Materialise an inbound tensor SlotFill into this backend’s native tensor representation.

The framework has already (a) capped bytes.len() against the envelope’s EnvelopeCaps::max_per_fill_bytes, (b) charged the length against NodeConfig::ingress_byte_budget, and (c) moved ownership of the wire bytes into this call. The backend may adopt the Vec<u8> directly (zero-copy via ArrayD::from_shape_vec when alignment permits), pull a buffer from a pool and copy in, or allocate fresh. The framework will not touch bytes after this call returns.

The default delegates to the global wire-decoder registry: it looks up the decoder for type_hash, runs it on the bytes, then downcasts the resulting boxed SlotValue to Self::Tensor via the registry’s Box<dyn Any> repackaging. Backends that have not implemented tensor pooling continue to work through this path; backends that override pay the registry hop only at override time.

On Err, the engine drops the fill, releases the byte charge, and emits WireReceiveError { kind: BackendMaterializeFailed }.
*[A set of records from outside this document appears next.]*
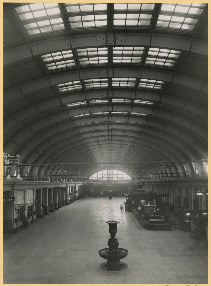 Taklanterniner släpper in dagsljuset i vänthallen, Stockholms Centralstation.
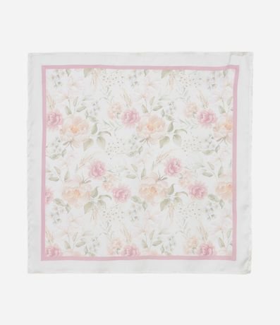 Lenço Quadrado em Cetim com Estampa Floral
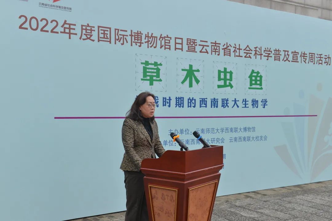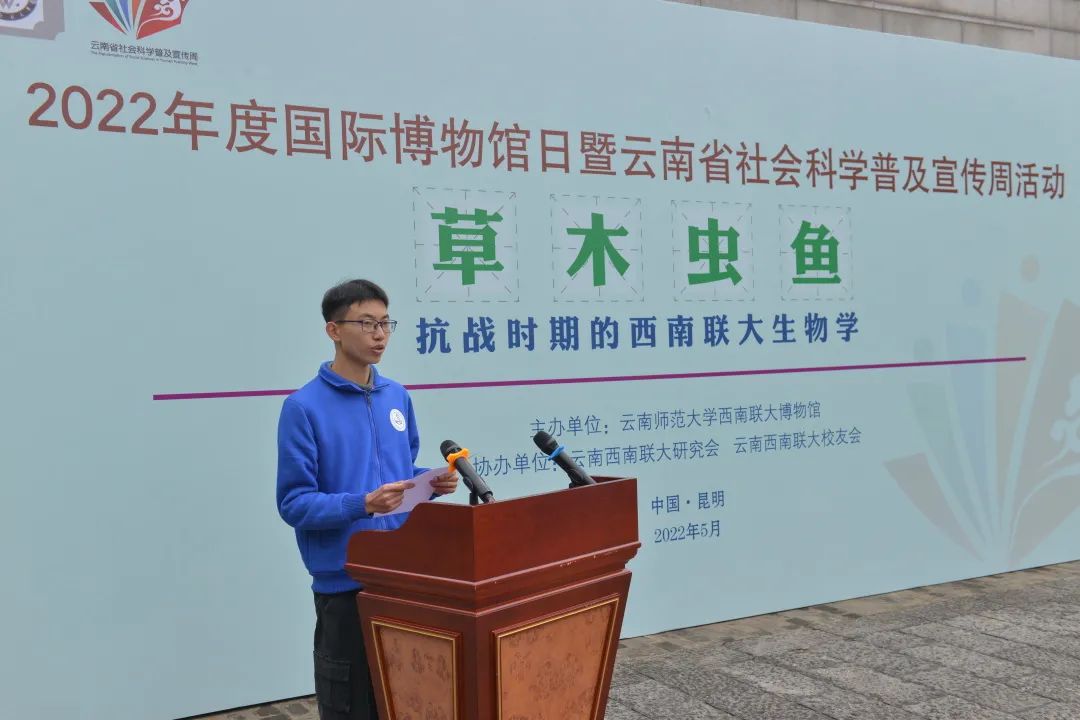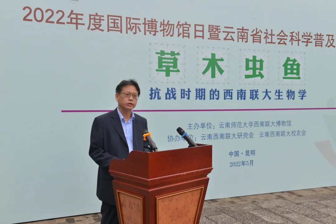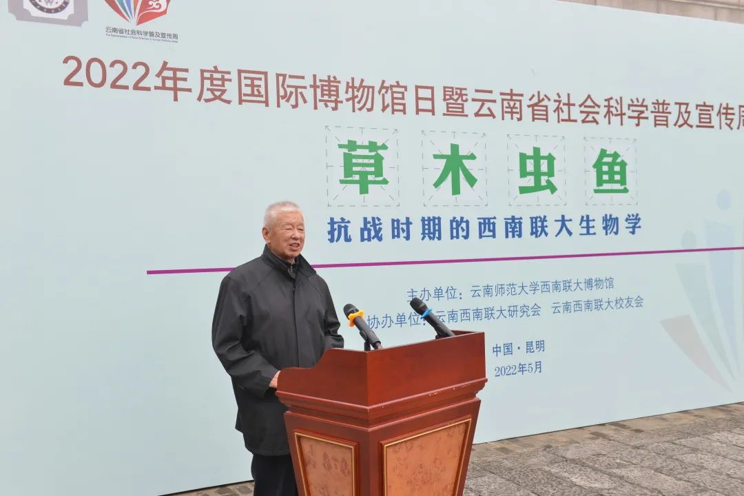 在第46个“国际博物馆日”暨2022年云南省社会科学普及活动宣传周到来之际,为学习贯彻习近平生态文明思想,传承弘扬西南联大立足西南扎实开展科学研究的科学精神,彰显云南在生物科学研究方面的独特价值,进一步开展爱国主义教育、生态文明教育,增强生物多样性保护意识,全面推进生态文明建设,促进人与自然和谐共生,5月18日,由云南师范大学西南联大博物馆(西南联大研究所)主办、云南西南联大研究会、云南西南联大校友会协办的《草木虫鱼——抗战时期的西南联大生物学》专题展开展仪式在云南省社科普及示范基地西南联大旧址举行。
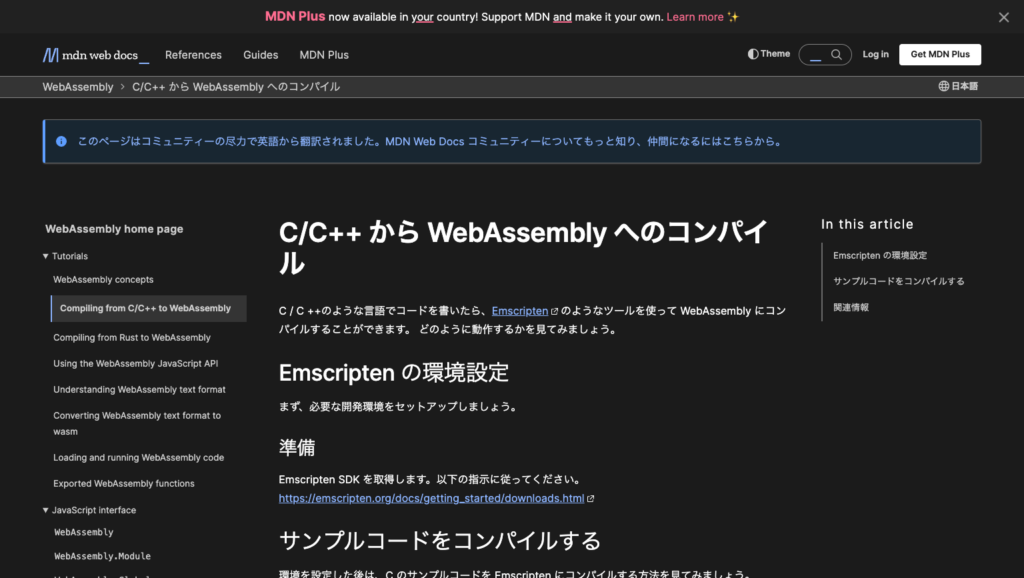 C/C++からWASMバイナリにする場合にはEmscriptenを利用します。変換する際に、それを利用するHTMLファイルも生成してくれます。もちろん全てのAPIが動作する訳ではないので、コードの修正は必須ですが、既存の資産が利用できるメリットは大きいでしょう。

Ownership note: bytes: Vec<u8> by value (not &[u8] or Cow). This is the framework→backend handoff, NOT an external boundary — the backend lives inside the framework ecosystem and plays by the runtime contract. Principle 1a (ephemeral borrowed slices at external boundaries) does not apply here: the framework copied or owned the bytes already, and a backend that wants to adopt them (zero-copy) needs ownership.

Dyn Compatibility§

This trait is dyn compatible.

In older versions of Rust, dyn compatibility was called "object safety".

Implementors§

Source§

impl Backend for CpuBackend

bb::Backend Contract impl. Overrides execute to run through graph_walker::execute_graph rather than the default per-op walker.